Chris Savich and Mark Santoyo
LSSU Chemistry and Biology Students
Chris Savich and Mark Santoyo, were awarded a grant from the Fund for LSSU to purchase an EGFR enzyme system, ADP-Glo Kinase Assay Kit, and Staurosporine, so that they could conduct an interdisciplinary research project. The project consisted of Chris Savich synthesizing eight different 3,4-Dihydroquinazolines compounds through novel organic synthetic techniques, and then providing the compounds to Mark Santoyo to test for anti-cancer properties through the inhibition of the EGFR pathway.

Figure 1. Above is a picture of Chris Savich and Mark Santoyo
During the spring and early summer of 2017, Christopher Savich under the advisorship of Dr. R. Adam Mosey employed novel organic synthetic techniques to make a total of eight 3,4-Dihydroquinazolines. 3,4-Dihydroquinazolines are a class of nitrogen containing aromatic compounds that are of particular interest for their pharmaceutical properties, such as anti-fungal, anti-bacterial, and in the case of this study, their possibility for anti-cancer properties. Eight different 3,4-Dihydroquinazolines were made through a novel four step one-pot synthesis. Each of the eight 3,4-Dihydroquinazolines had different functional groups attached to the left side of the molecule so as to test which of the functional groups would produce the greatest effect.

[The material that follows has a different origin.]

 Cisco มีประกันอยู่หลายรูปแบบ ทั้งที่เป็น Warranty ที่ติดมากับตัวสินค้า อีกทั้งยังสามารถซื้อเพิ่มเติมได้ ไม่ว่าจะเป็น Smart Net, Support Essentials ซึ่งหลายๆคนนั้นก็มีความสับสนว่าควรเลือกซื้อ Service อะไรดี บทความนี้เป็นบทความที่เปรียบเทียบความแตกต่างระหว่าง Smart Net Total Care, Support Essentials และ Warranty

During the summer of 2017, Mark Santoyo under the advisorship of Dr. Martha Hutchens began the second half of the project. Mark’s objective was to test whether any of the eight 3,4-Dihydroquinazoline compounds that Chris synthesized could inhibit the activity of an enzyme called EGFR (epidermal growth factor receptor) kinase. Excessive or uncontrolled activation of this enzyme contributes to the development of certain cancers. EGFR converts ATP to ADP, so if the enzyme was inhibited, less ADP would be produced. First Mark used the ADP-Glo Assay Kit to construct a standard curve relating luminescence intensity to ADP concentration. Next, he used the ADP-Glo kit together with the EGFR Enzyme System to optimize the concentration of EGFR kinase and its substrate for maximum ADP production. Mark then conducted the reaction but introduced a known kinase inhibitor Staurosporine, which was used as a positive control, providing data on how much inhibition would be needed from the 3,4-Dihydroquinazoline compounds to be considered significant. (Figure 2)

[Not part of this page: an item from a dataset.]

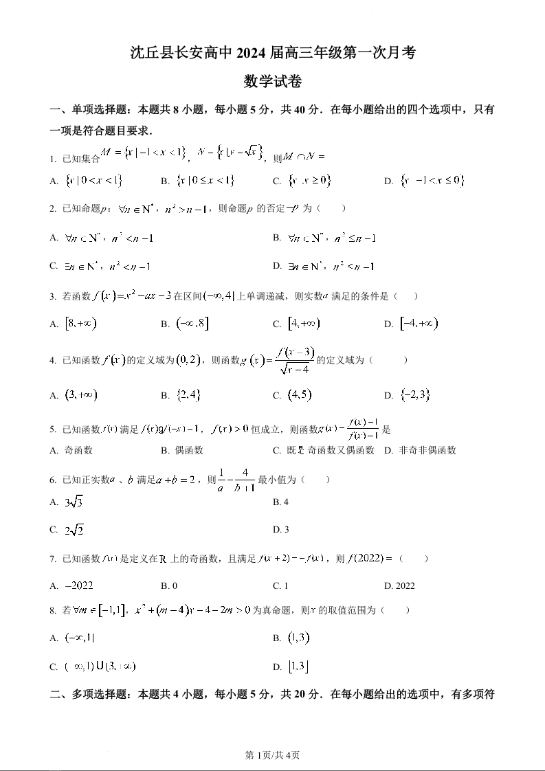 河南省沈丘县长安高级中学2024届高三上学期第一次月考 数学

Figure 2. Above is a picture of Mark micropipetting a master mix into a 96 well plate.
Once the reference data was established and compounds were ready and purified (Figure 3), the reactions were repeated but instead of using Staurosporine, the 3,4-Dihydroquinazoline compounds were used. ADP production was measured by change in luminescence, read via a microplate reader. The result of this experiment were that the compounds exhibited no significant inhibition of ADP production. However, provided key information that can aid further research in the search for anti-cancer compounds by eliminating compounds with functional groups of the variety tested from the pool of possible functional groups.

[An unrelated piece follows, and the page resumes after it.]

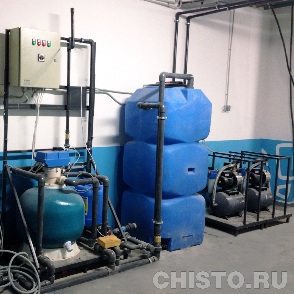 После отстаивания вода проходила фильтрацию через СОРВ-5/800-Р-АП(00.01-92) и отправлялась на аппараты при помощи двух модулей повышения давления.(00.01-33) Во-избежании переполнения бака отстойника, система была снабжена сигнализирующим устройством со световой и звуковой индикацией.(00.02-19)
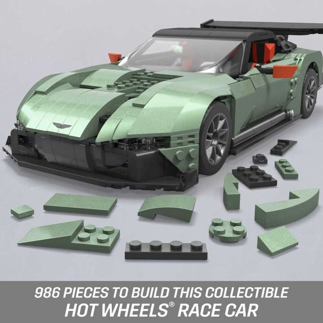 - 986-piece large scale 1:18 Aston Martin Vulcan Hot Wheels building toy for fans and collectors

Figure 3. Above is a picture of the compounds 51,53, 57 after purification.
In conclusion, Chris and Mark were given the ability to, respectively, utilize and practice organic synthetic chemistry in an applied setting and molecular biology techniques in a manner that came together to further our interdisciplinary understanding of signal transduction pathways, and their importance in current cancer research. We would like to thank the Fund of LSSU Grant for this great opportunity given to us, allowing us to further not only our education but also the understanding of cancer and the possible treatment of it.